Heat illness is a very real concern during the hot summer months in New York and -- for that matter -- anywhere else in the United States. Workers who need to perform their jobs outside in hot conditions for extended periods of time most at risk for contracting the most common forms of heat illness.
Here are different types of heat illness that employers and workers need to do everything they can to avoid:
Heat stroke: At a certain point, it just gets too hot for most human bodies to function properly. When the body's temperature regulation system isn't able to cool properly, the body temperature can rise to dangerous levels. These tend to be temperatures higher than 104°F. Just like when people have a fever that's so high it causes an additional health concern, people suffering from heat stroke are at risk of suffering from loss of consciousness, confusion and seizures.

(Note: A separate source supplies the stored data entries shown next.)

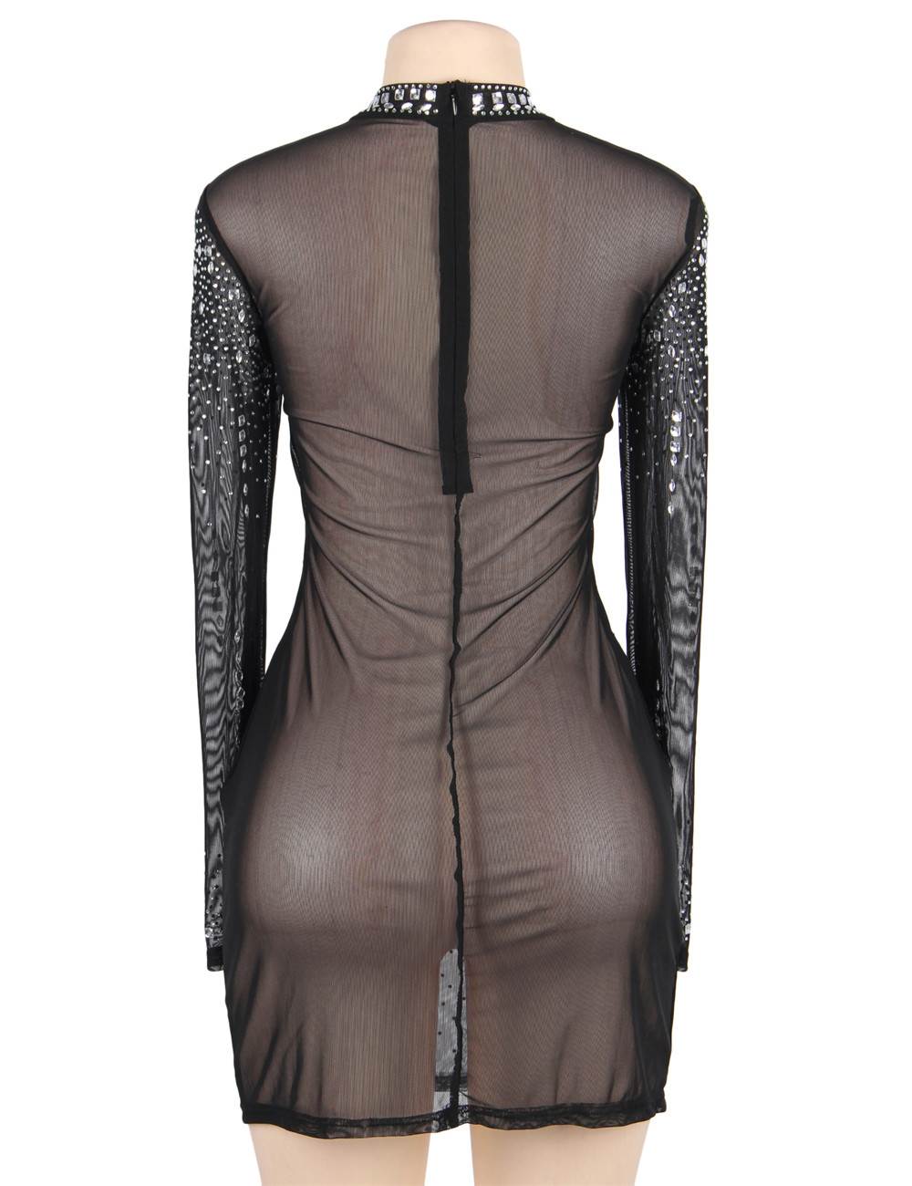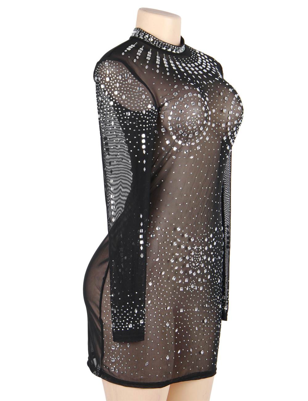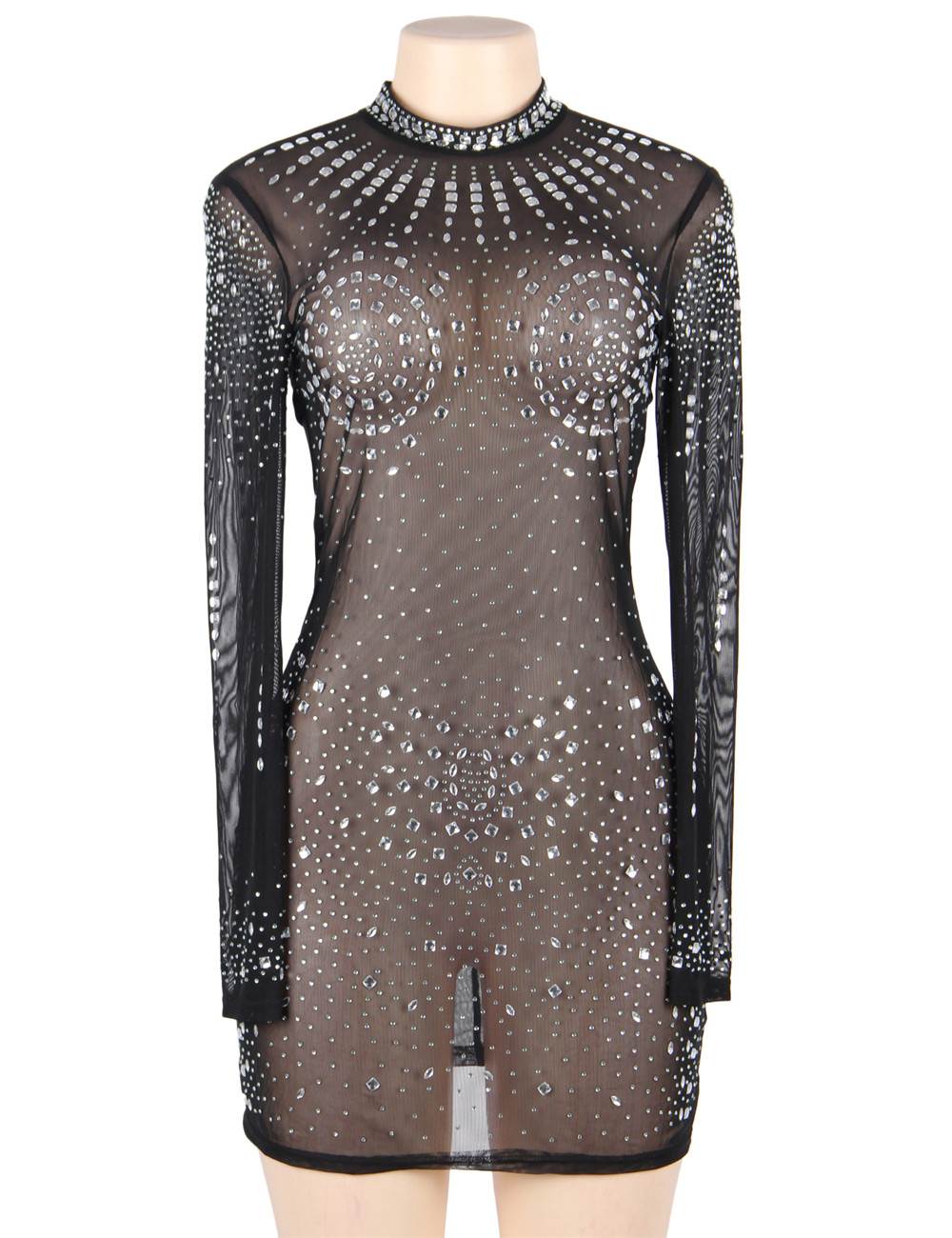 High Neck Long Sleeveled Mesh Rhinestone Sexy Women Nightclub Transparent skirt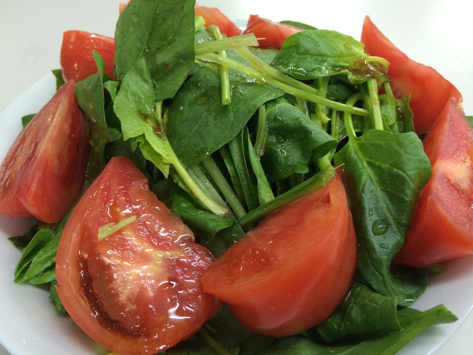 サラダほうれん草とトマトのサラダ。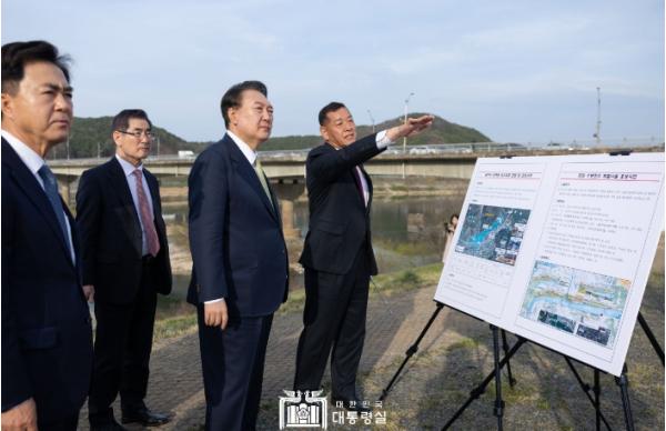 옥룡동 침수 피해 현장에 도착한 대통령은 최원철 공주시장으로부터 수해 복구 상황을 보고받았다. 최 시장은 작년 7월 중순에 내린 집중호우로 금강 수위가 상승해 저지대인 옥룡동 일대에 침수 피해가 발생했으나, 재발 방지와 안전한 환경 조성을 위해 현재 빗물펌프장 설치, 우수관로 개량 등을 추진 중에 있다고 보고했다. 특히, 멀리 보이는 모래톱을 가리키며 대청댐 방류 시 하천 수위가 상승하므로 안전 확보를 위해 준설도 필요할 것으로 보인다고 했다. 이에 대통령은 우리나라 지방 하천에 준설할 곳이 많다며 준설토 활용 필요성에 대해 강조했다.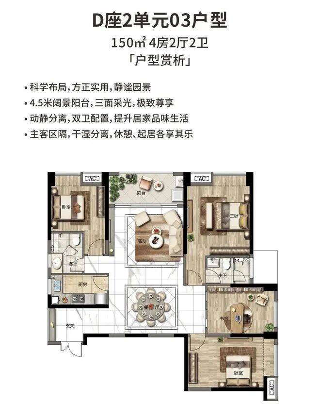 提供121-203平米的阔绰户型,绝版无敌景观大阳台,满足不同家庭的居住需求。
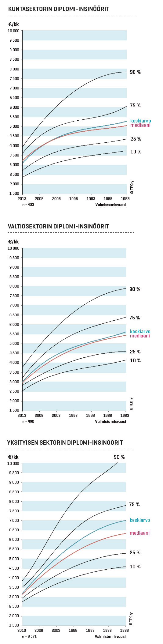 Tavallisesti tekniikan alan vastavalmistuneelle on ehtinyt kertyä 1–2 vuotta työkokemusta kesätöistä ja harjoitteluista, joten nolla ammattivuotta ei tarkoita aivan nollakokemusta. Jos valmistuminen on koulutusta vastaavien töiden vuoksi tapahtunut vuosien viiveellä siitä, kun suurin osa opinnoista oli jo suoritettu, niin nuo työelämässä kuluneet vuodet tulee tietenkin lisätä ammattivuosien määrään. Tällä kertaa vastaajilta ei kysytty opiskeluaikaisen työkokemuksen määrää tai työttömyysjaksojen yhteispituutta, joten niitä ei ole valmiiksi sisällytetty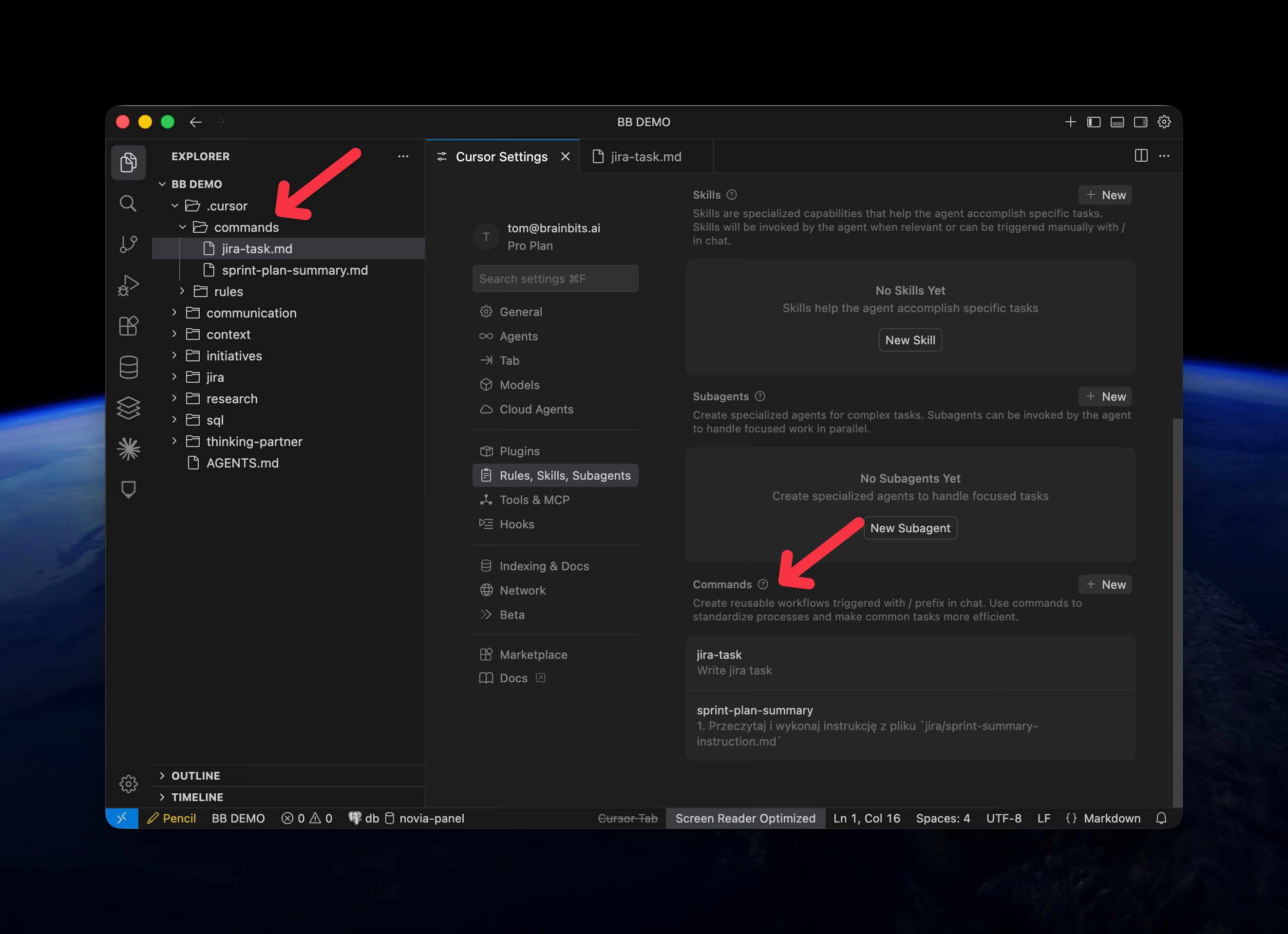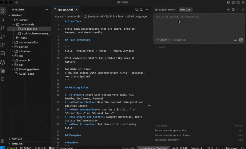 Moja praca z agentami AI - i Cursorem w szczególności - to zmieniła. Teraz konkretne komendy, w tym prompty które mi się sprawdzają, mogę zapisać wprost w projekcie i wywoływać jednym gestem. Bez szukania, bez kopiowania, bez tracenia kontekstu.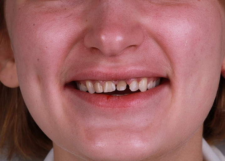 Пациентка обратилась в клинику с жалобами на эстетику фронтального отдела челюсти, на неудовлетворительный внешний вид улыбки.
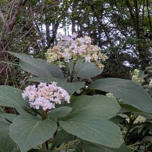 先日の斜面パトで… 1️⃣ 夕方でも暑い日差しでした 暗紫の野村(濃紫)モミジは これから赤くなるのが楽しみです! 慣用的には野村紅葉と呼ばれ書かれますが これはイロハモミジの園芸品種で 江戸時代から庭木として… "武蔵野“とも呼ばれたことがあるようです 2️⃣ 斜面中央の水木の夏蔦は随分落葉して 秋色に変わった残りの葉もあと僅か… 秋の気配もあるかしら? 3️⃣ サークルベンチの上に落ちていた 蔦の葉と水木の実を写してみました 4️⃣ "なんちゃって紫陽花ロード“の入り口は 糊空木と玉紫陽花で白一色です
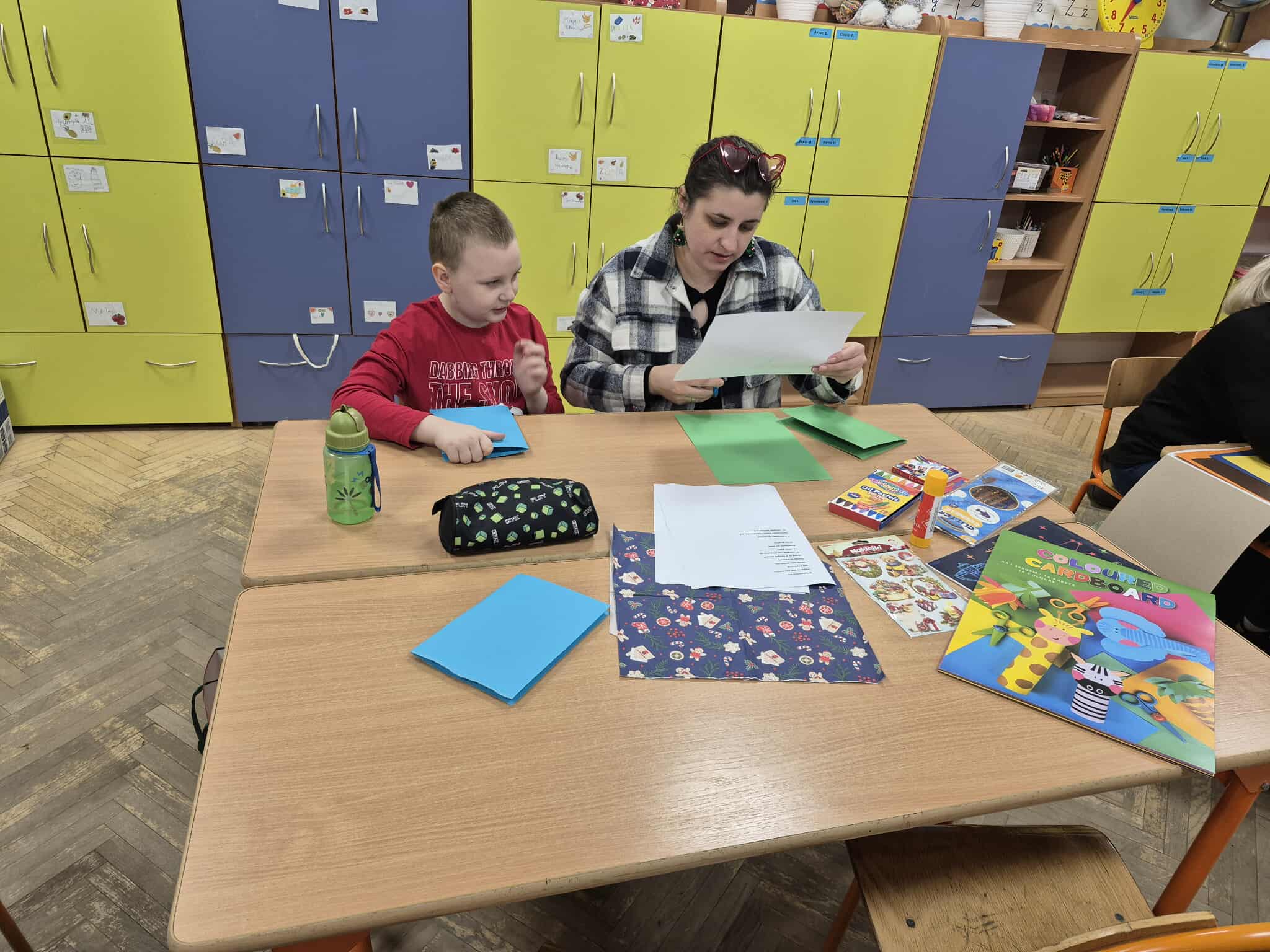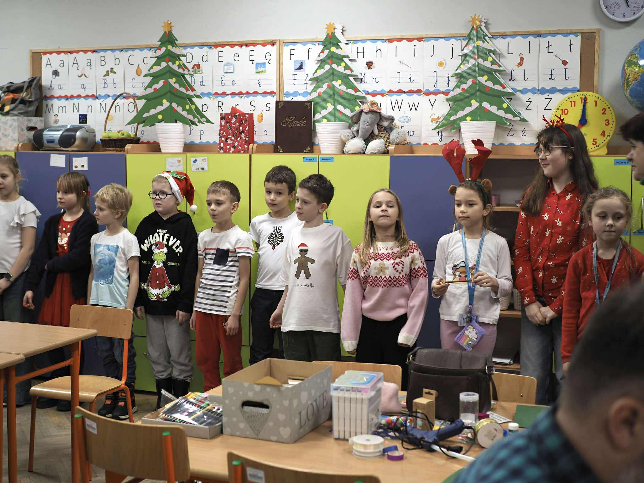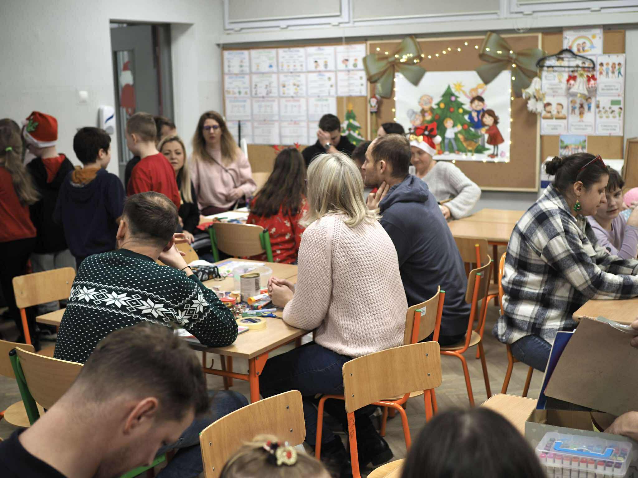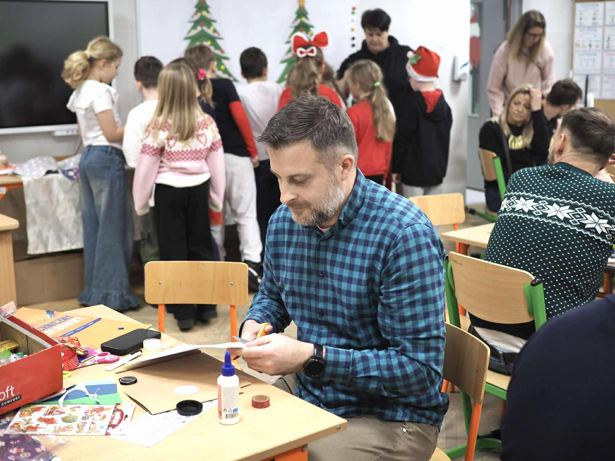 Za sprawą uczniów i ich rodziców w klasie 2a zapanowało świąteczne zamieszanie. W piątkowy wieczór spotkaliśmy się licznie na warsztatach świątecznych. Naszym celem była klasowa integracja, wspólne spędzenie czasu i przygotowanie kartek z życzeniami oraz upominków dla mieszkańców Domu Pomocy Społecznej „Wrzos” w Otwocku. Spotkanie rozpoczęło się od zaśpiewania pastorałki „W drodze do stajenki”, której uczniowie uczyli się już od dłuższego czasu. Nie zabrakło też słodkiego poczęstunku, który tym razem stanowił własnoręcznie przygotowany przez dzieci poprzedniego dnia na zajęciach kulinarnych, chlebek bananowy. Był to niezwykle ważny, wzruszający i pełen magii moment w życiu naszych drugoklasistów. Niech te chwile pozostaną z nami na długo. Z całego serca dziękujemy wszystkim rodzicom uczniów klasy 2a za zaangażowanie w przygotowanie warsztatów i tak liczne przybycie na to wyjątkowe spotkanie . Wasza obecność i pomoc jest nieoceniona.

It's important to call 911 immediately if a worker appears to be suffering from heat stroke. While waiting for emergency responders to arrive, it's a good idea to put the worker in a shady place, circulate the air and wet the worker with wet towels and ice, or soak the worker's clothes with cool water.
Heat exhaustion: Heat exhaustion is what may happen before heat stroke. Symptoms include headaches, dizziness, nausea, irritability, weakness, thirst, confusion, profuse sweating and a body temperature over 100.4°F. Treatment for heat exhaustion is similar to heat stroke, but a 911 call may not be necessary unless the condition doesn't improve. Give the worker cold compresses, put him or her in the shade, wet the worker with cold water and give him or her cool water to drink.
If you've suffered from the symptoms of heat illness on the job, you may be able to pursue compensation to pay for your medical care by filing a workers' compensation claim.